The Inner Niger Delta, stretching across central Mali, is the largest floodplain in West Africa and the second largest wetland in Africa. Fed by the Niger and Bani rivers, this vast inland delta covers up to 30,000 km² during peak floods, transforming the Sahel’s arid heart into a green oasis of lakes, flooded forests, grasslands, and savannah. It is recognized as a Ramsar site of international importance, providing refuge for millions of migratory birds, fish, and iconic species such as hippos and manatees.

Nearly two million people directly depend on the flood pulse of the delta. Its productivity is extraordinary: the Inner Niger Delta supplies 15% of Mali’s cereals, 50% of its cattle grazing, and over 80% of its fish production. Agriculture, fishing, and herding form an intricate seasonal economy: rice farmers cultivate flood-recession fields, pastoralists move livestock to graze on nutritious bourgou grass, and fishing communities spread across floodplains to harvest diverse species. When floods are abundant, these systems thrive. When they recede, hunger and hardship follow.

The delta is under mounting pressure. Upstream dams and irrigation schemes have already reduced peak floods by up to 16% in dry years, cutting fish catches and pasture by significant margins. The planned Fomi Dam in Guinea, if constructed, could shrink flood extent by over 2,000 km² in half the years, potentially cutting fish trade by 30% and millet yields by a quarter. These projects provide hydropower and rice upstream but pose existential risks for downstream communities.

Climate change compounds these threats. More variable rainfall, increasing temperatures, and higher evaporation reduce water availability. The delta, once a reliable buffer against drought, is shrinking. Combined with rapid population growth, this fuels competition over scarce land and water, intensifying local tensions.


The Inner Niger Delta sits at the epicentre of Mali’s wider security crisis.
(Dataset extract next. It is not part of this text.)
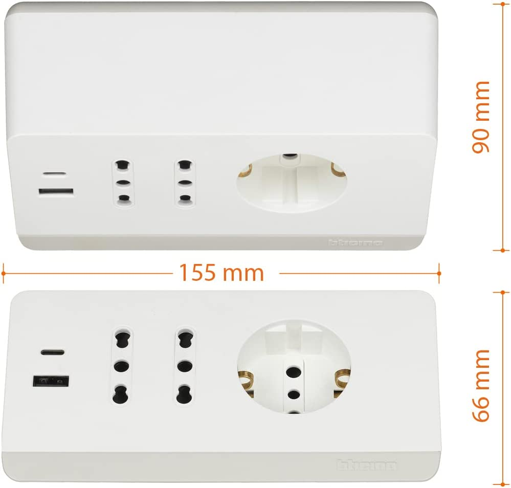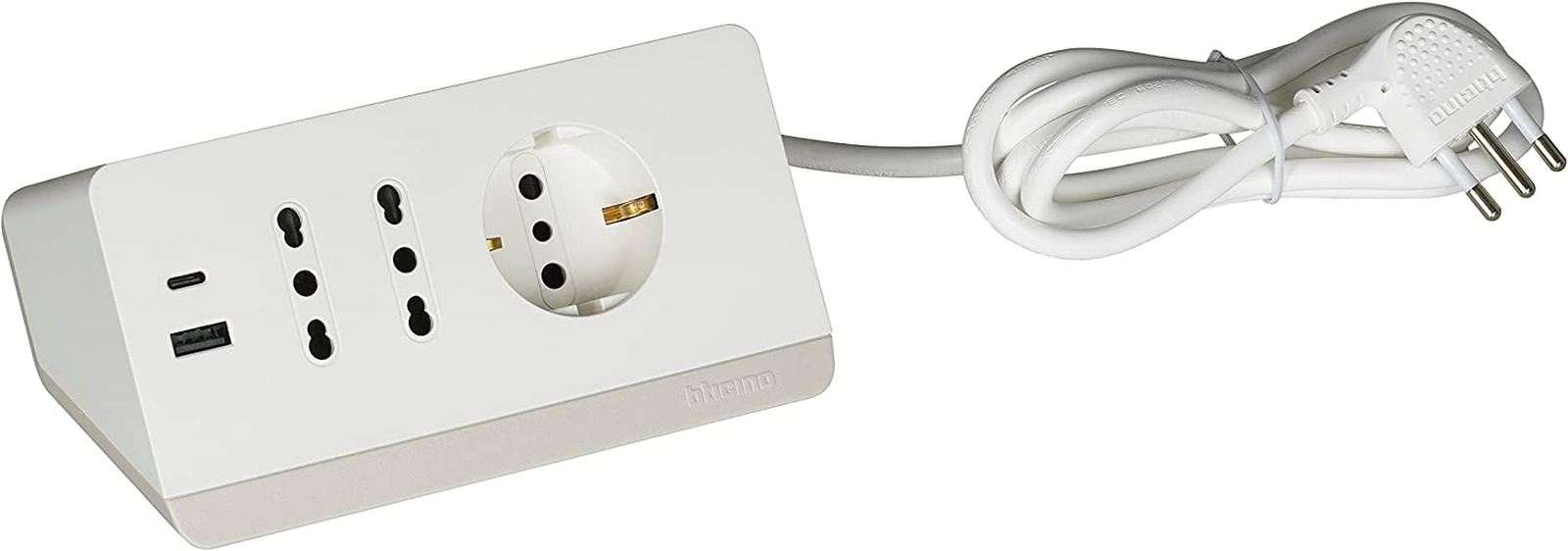 Interrupteur de sécurité automatique SAFE qui vous permet de consommer jusqu'à 2 500 W ; en cas de surcharge, l'interrupteur intervient automatiquement, coupant l'alimentation électrique, dispositif qui peut être réinitialisé après quelques secondes Equipé d'une petite fiche 10A peu encombrante, ce qui rend le produit compatible avec tous les types de prises du marché italien sans avoir besoin d'adaptateurs Excellent design, il s'adapte parfaitement aux nouveaux besoins de travail, aussi bien à la maison qu'au bureau. Sécurité offerte grâce à l'interrupteur de protection SAFE et à 2 ports USB pratiques de type A et C pour charger les appareils électroniques. Grâce à la petite fiche de 10 A, il est compatible avec tous les types de prises du marché italien sans avoir besoin d'adaptateurs

Farmers, fishers, and herders have long coexisted through customary agreements. But weakening of traditional institutions, poorly implemented laws, and overlapping state and local governance structures have eroded trust.

As pastures dwindle and fishing grounds contract, disputes over water access have escalated. Clashes between herders and farmers, between fishers and herders, and even within professional groups are now frequent. Armed groups exploit these grievances, filling governance vacuums with violence and recruitment opportunities for disenfranchised youth. Thus, the degradation of wetlands is not only an environmental issue, it is directly linked to fragility, migration, and insecurity across the Sahel.
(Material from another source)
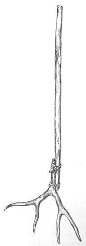 [21] “The first that rakes are mentioned in the stories of my tribe so far as I know, is in the tale of ‘The Grandson.’ There is a little lake down near Short River where lived an old magic woman, whom we call Old-woman-who-never-dies. There is a level piece of ground near by, about five miles long by one and a half mile wide. This flat land was the garden of Old-woman-who-never-dies. Her servants were the deer that thronged the near-by timber. These deer worked her garden for her. All buck deer have horns; and with their horns the deer raked up the weeds and refuse of Old-woman-who-never-dies’s garden.
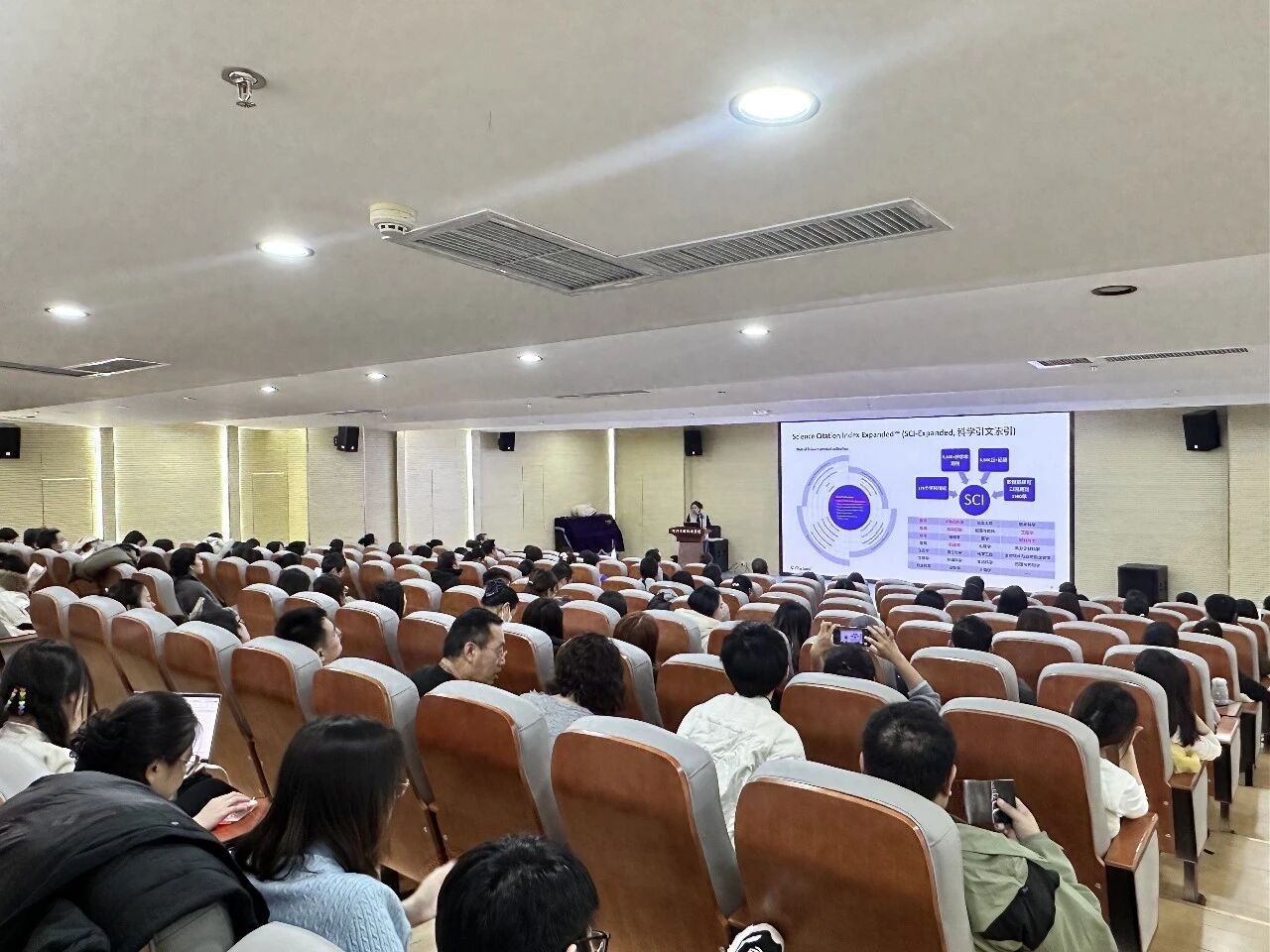 近日,我校图书馆在五楼多功能放映厅举办“Web of Science(SCIE)检索写作选刊投稿”专题讲座。本次讲座特邀科睿唯安解决方案专家陈元方担任主讲,旨在系统提升全校教师的科研信息素养与高水平学术论文发表能力。活动吸引了百余名教师参与,现场学习氛围浓厚。

The future of the Inner Niger Delta depends on balancing upstream development with downstream survival. Sustainable dam management, ecosystem restoration, and inclusive governance are essential. If managed wisely, the Inner Niger Delta can continue to serve as a blue lifeline , sustaining biodiversity, culture, and millions of livelihoods in the heart of the Sahel. If neglected, its decline risks fuelling a downward spiral of poverty, conflict, and migration across West Africa.